Liu Yongfeng, Yang Yaxiong, Zhang Xin, Li You, Gao Mingxia, Pan Hongge
State Key Laboratory of Silicon Materials, Key Laboratory of Advanced Materials and Applications for Batteries of Zhejiang Province and School of Materials Science and Engineering, Zhejiang University, Hangzhou 310027, China.
Dalton Trans. 2015 Nov 7;44(41):18012-8. doi: 10.1039/c5dt03334a. Epub 2015 Sep 28.
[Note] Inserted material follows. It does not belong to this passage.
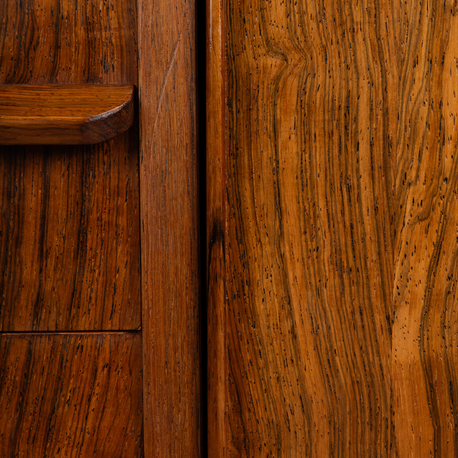 Brazilian rosewood, renowned for its rich, dark hues and intricate grain patterns, is prized for its exceptional beauty and durability. This rare and exotic wood lends a unique character to each piece, ensuring that no two sideboards are exactly alike. Its luxurious appearance and natural resilience make it a sought-after material in high-end furniture design.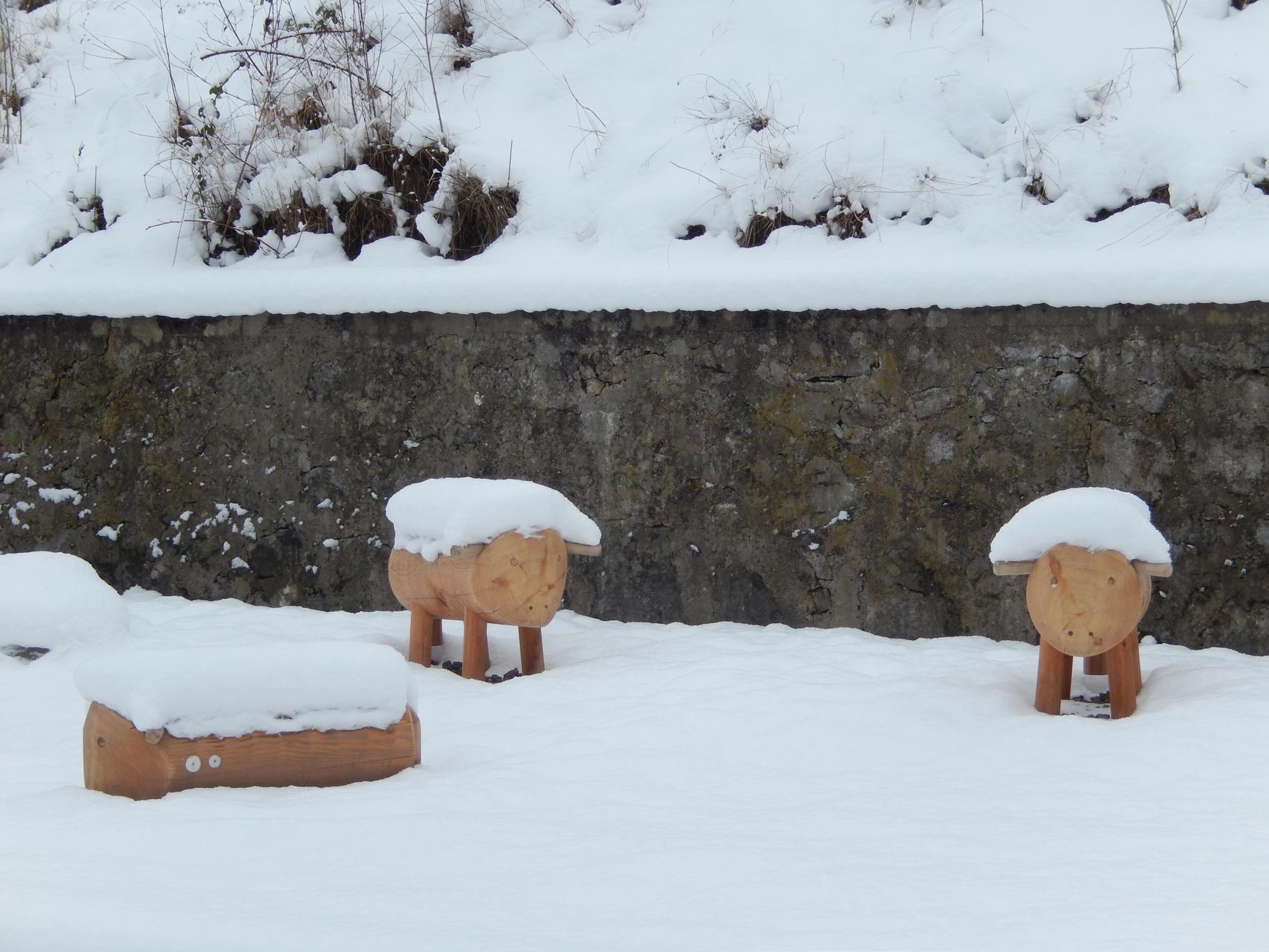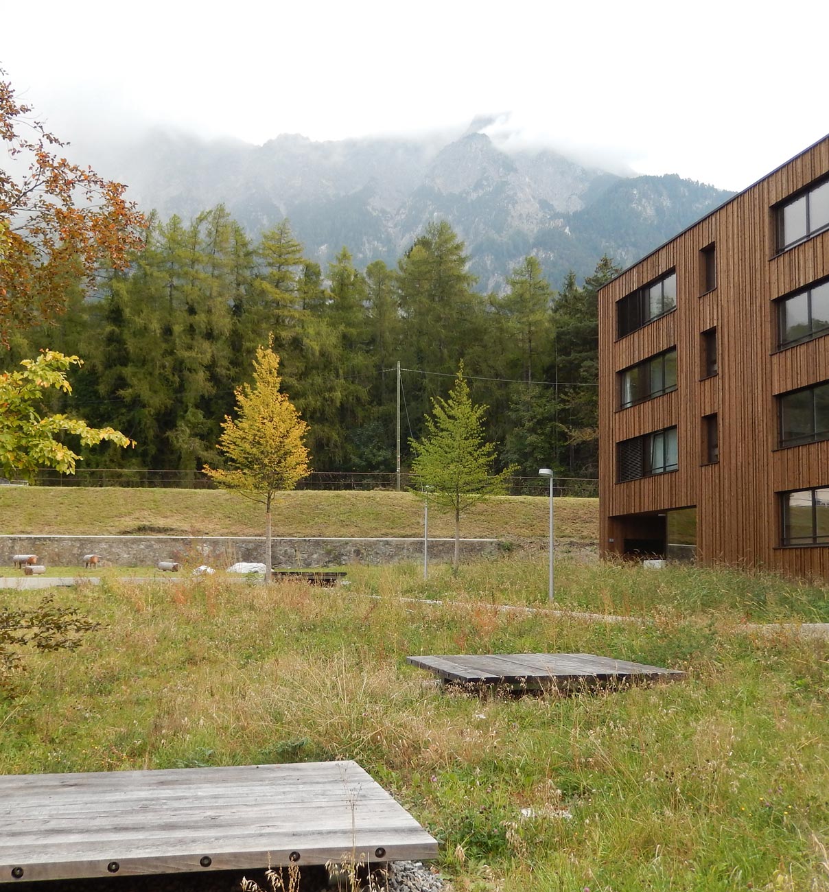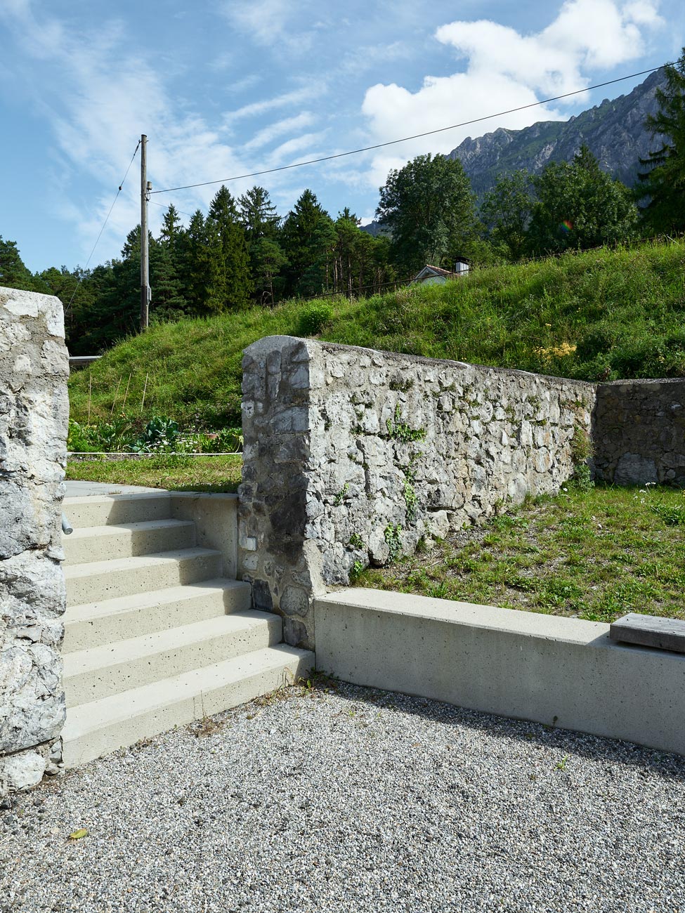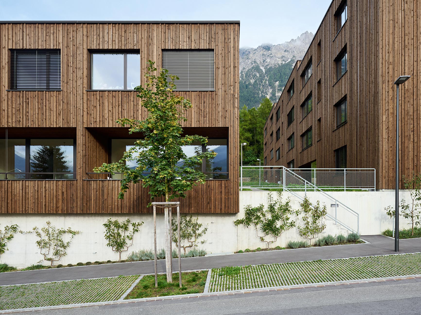 Zur talseitigen Strasse grenzen die Wohnbauten mit einer verbindenden sockelartigen Stützmauer an, die als Rücken für Spalierapfelbäume dient. Die auf dem Sockel aufsitzenden und auskragenden Häuser erscheinen dem Passanten so wie von einer Obsthecke getragen. Eine kleine Platzsituation mit Brunnen an der Zufahrtsstrasse bietet dem Spaziergänger oder Radfahrer die Gelegenheit zu einer kleinen Rast, bevor er den Ort verlässt und die raue Gebirgswelt hinter dem baumbestandenen Muren-Schutzwall betritt.

The thermal dehydrogenation process of the KOH-containing Mg(NH2)2-2LiH system was systematically investigated by identifying changes in the structure and composition of its components by XRD and FTIR. During ball milling, the added KOH reacts with Mg(NH2)2 and LiH to produce MgO, KH and Li2K(NH2)3. During the initial heating process (<120 °C), the newly formed KH and Li2K(NH2)3 react with Mg(NH2)2 and LiH to yield MgNH, LiNH2 and Li3K(NH2)4 along with hydrogen release. Raising the temperature to 185 °C results in a reaction between Mg(NH2)2, MgNH and LiH that gives Li2Mg2N3H3 as the product and further releases hydrogen. As the temperature is increased to 220 °C, Li2Mg2N3H3 reacts with LiNH2 and LiH to produce Li2MgN2H2 and H2. Meanwhile, two parallel reactions between Li2Mg2N3H3, Li3K(NH2)4 and LiH also generate additional hydrogen. Specifically, the KH and Li2K(NH2)3, formed in situ during ball milling, serve as reactants in the dehydrogenation reaction of the Mg(NH2)2-2LiH system, which is responsible for the significantly improved thermodynamics and kinetics of hydrogen storage.
通过XRD和FTIR确定含KOH的Mg(NH₂)₂ - 2LiH体系各组分的结构和组成变化,系统研究了其热脱氢过程。球磨过程中,添加的KOH与Mg(NH₂)₂和LiH反应生成MgO、KH和Li₂K(NH₂)₃。在初始加热过程(<120 °C)中,新生成的KH和Li₂K(NH₂)₃与Mg(NH₂)₂和LiH反应,生成MgNH、LiNH₂和Li₃K(NH₂)₄并释放氢气。将温度升至185 °C会导致Mg(NH₂)₂、MgNH和LiH之间发生反应,生成Li₂Mg₂N₃H₃作为产物并进一步释放氢气。当温度升至220 °C时,Li₂Mg₂N₃H₃与LiNH₂和LiH反应生成Li₂MgN₂H₂和H₂。同时,Li₂Mg₂N₃H₃、Li₃K(NH₂)₄与LiH之间的两个平行反应也会产生额外的氢气。具体而言,球磨过程中原位形成的KH和Li₂K(NH₂)₃作为Mg(NH₂)₂ - 2LiH体系脱氢反应的反应物,这使得储氢的热力学和动力学得到显著改善。